When he visited Myanmar earlier this month, United States Deputy National Security Advisor for Strategic Communications and Speechwriting Ben Rhodes laid out the US vision for Myanmar in one sentence: “We see the story as just beginning.”
But Mr Rhodes and his colleagues in Washington are more than aware that Myanmar’s story is not beginning now, in 2013. Nor did it begin in November 2012, when President Barack Obama swept into Yangon to plant a kiss on the cheek of Daw Aung San Suu Kyi and a friendly hand in the palm of President U Thein Sein. It also didn’t begin in 2009, when Washington initiated a policy review that would eventually lead to the Obama administration engaging Nay Pyi Taw.
It is, in many ways, a process that began at independence and was never completed.

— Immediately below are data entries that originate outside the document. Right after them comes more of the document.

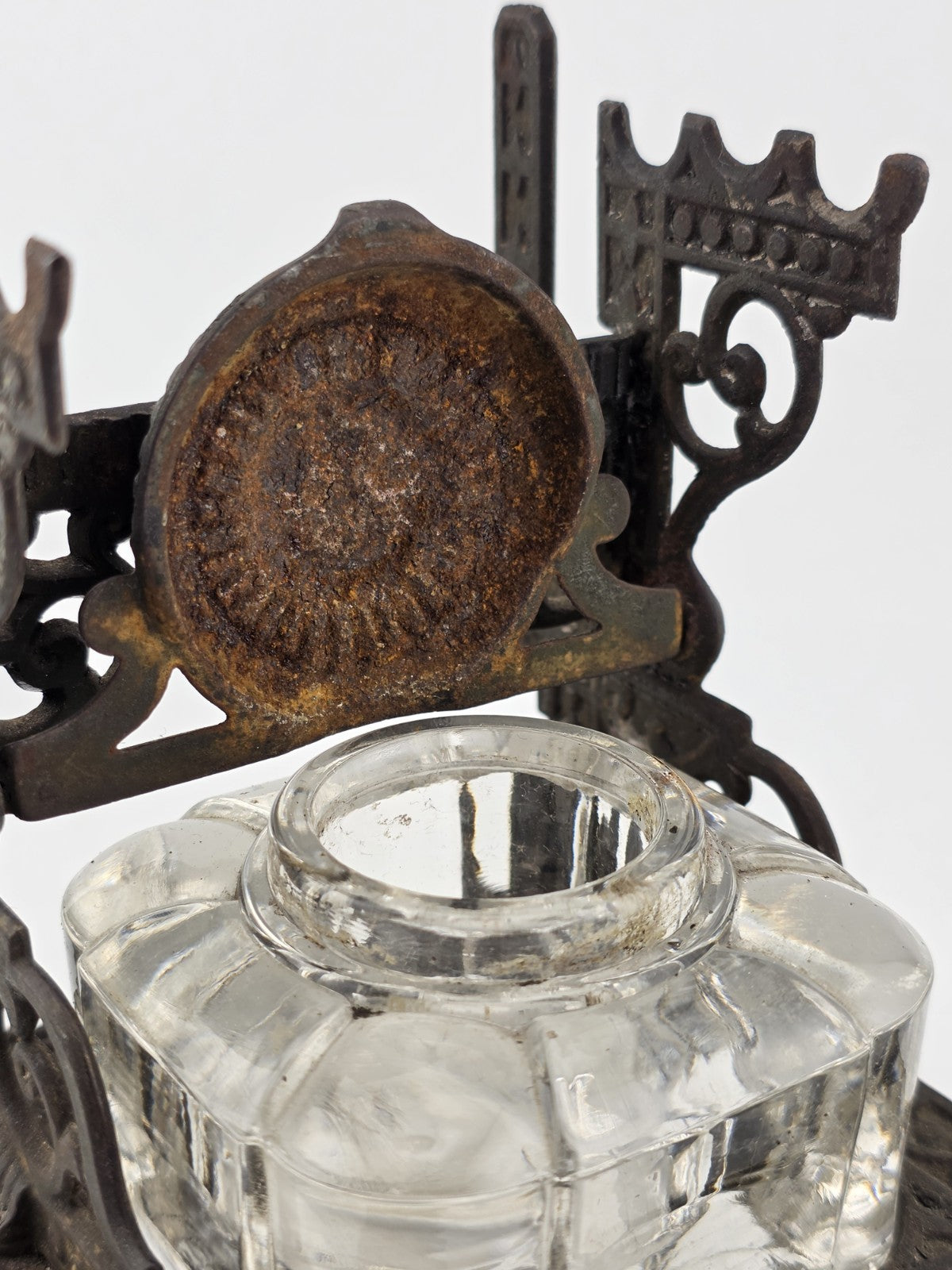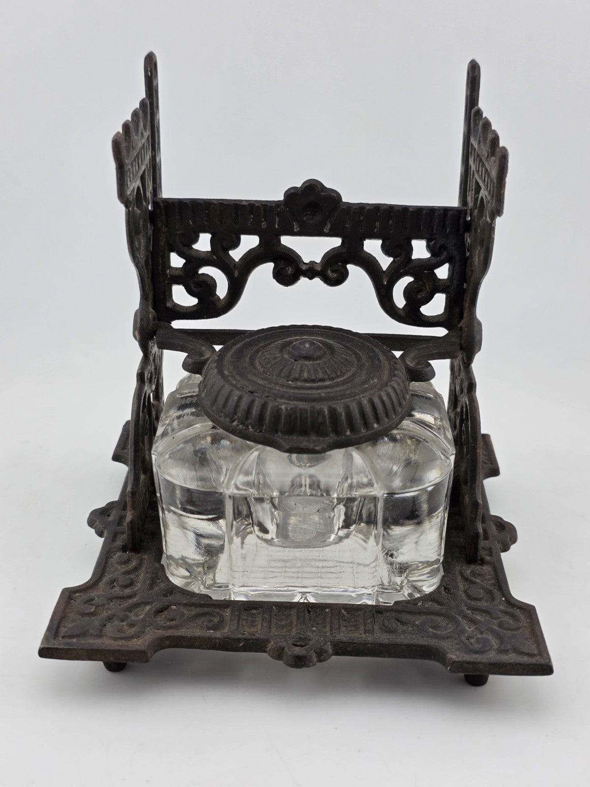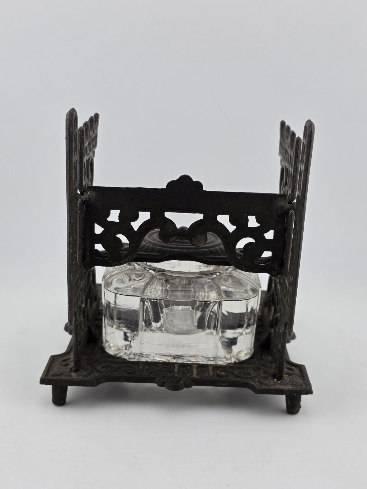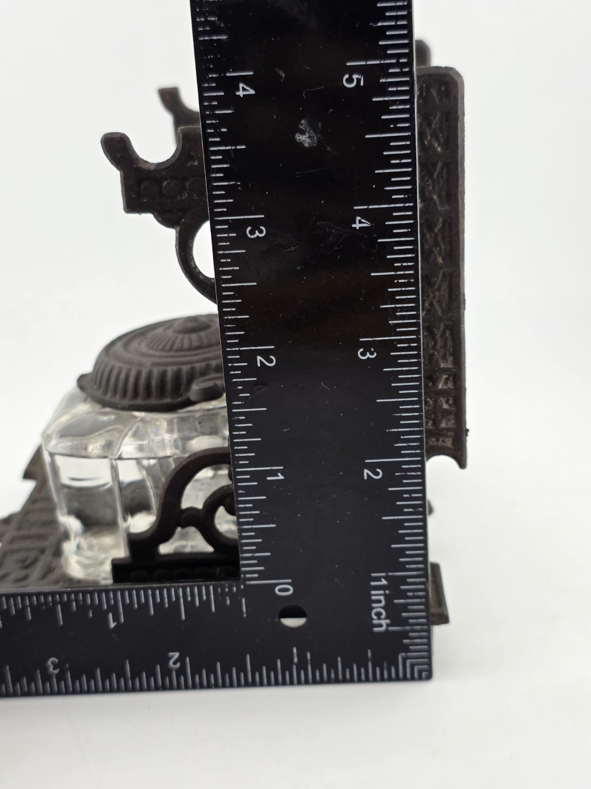 xThe Antique TATUM'S Postal Ink Stand is a vintage collectible made of cast iron, featuring a glass inkwell, quill, and envelope holder. This unique piece originates from the United States and is designed with a blue ink color. The intricate details and historical charm make it a desirable addition for collectors of antique writing instruments. The fact that it has not been modified adds to its authenticity and authenticity, making it a truly special and sought-after item for those with a passion for vintage artifacts.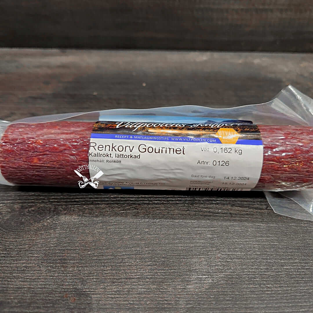 - Kallrökt renkorv från Viltpoolen.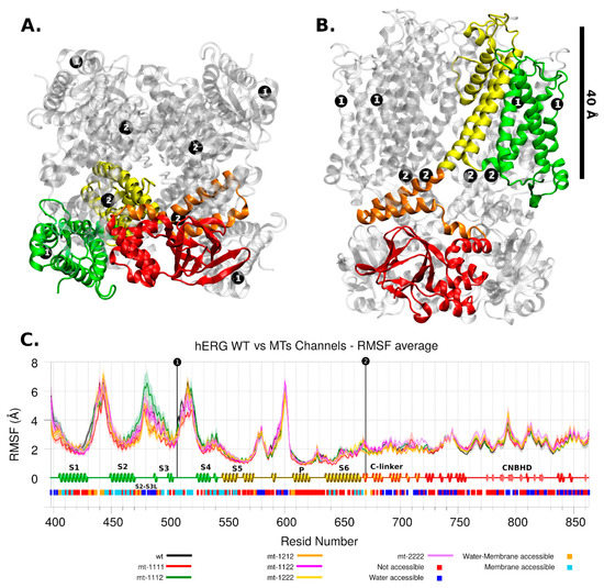 hERG Channel. The mutation location is shown with black dots and number 1 or 2. Four protein domains are shown in colors: intermembrane (green and yellow), inner side of the membrane (orange and red). (A) Top view. (B) Lateral view. (C) RMSF analysis for wild and mutant types. Each series corresponds to 4 chains and 4 replicas for each one, then it shows its average and standard deviation. The secondary structure motifs and solvent accessibility are shown below.
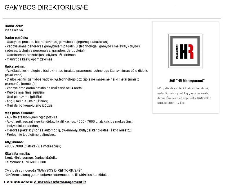 HR MANAGEMENT, UAB GAMYBOS DIREKTORIUS/-Ė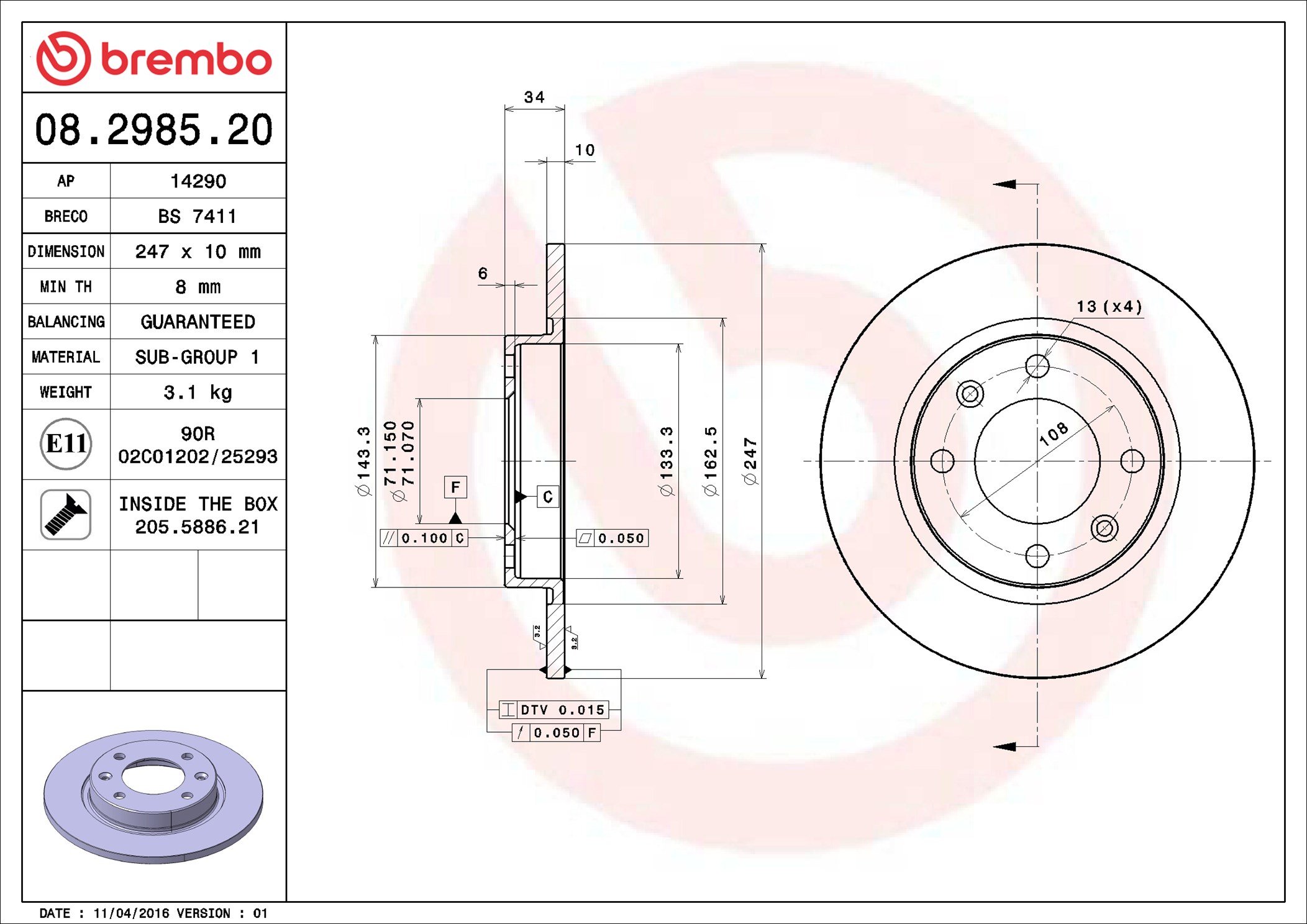 BREMBO 08.2985.20 - Brzdový kotúč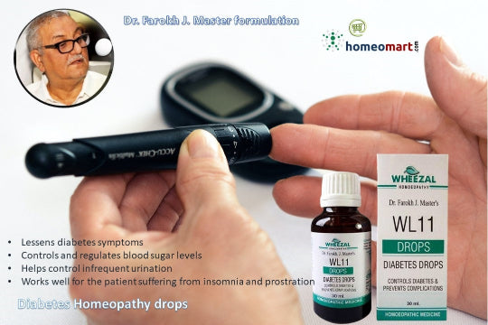 Wheezal WL11 Diabetes Drops is a clinically formulated homeopathic remedy by renowned practitioner Dr. Farokh J. Master, developed to help manage diabetes mellitus and its associated complications. This unique blend stimulates pancreatic function, promotes insulin secretion, and supports glucose metabolism — offering a holistic approach to managing both Type 1 and Type 2 diabetes.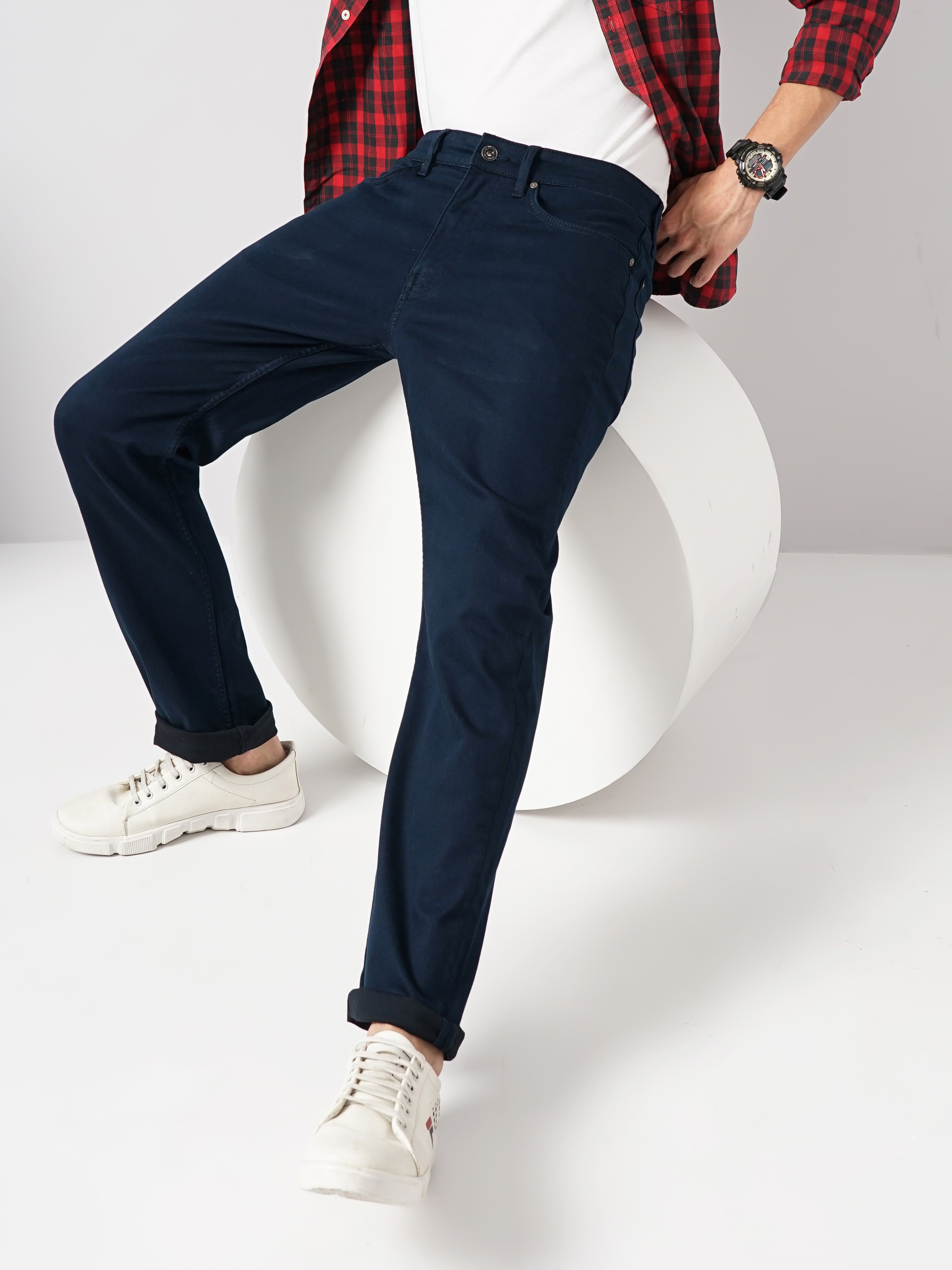 Celio* Cotton-Blend Straight Slim Fit Navy Blue Jean

The recent anniversary of the August 8, 1988, uprising, which prompted state security forces to massacre hundreds, if not thousands, of innocent civilians, is but a poignant reminder of this.
What Mr Rhodes, a key Obama adviser on Myanmar, has made clear is that the US will only look forward in Myanmar. It has no plans to play an active role in the pursuit of accountability for past injustices.
“I think that sorting through the past is an incredibly difficult issue,” Mr Rhodes said.
Washington has cosied up to more than a few unsavoury characters in the past so it is not likely to be concerned about supporting an investigation that could dig up fresh allegations of atrocities.
Washington is, however, afraid of putting Myanmar’s reform process in jeopardy or threatening its own influence in a geopolitically important country.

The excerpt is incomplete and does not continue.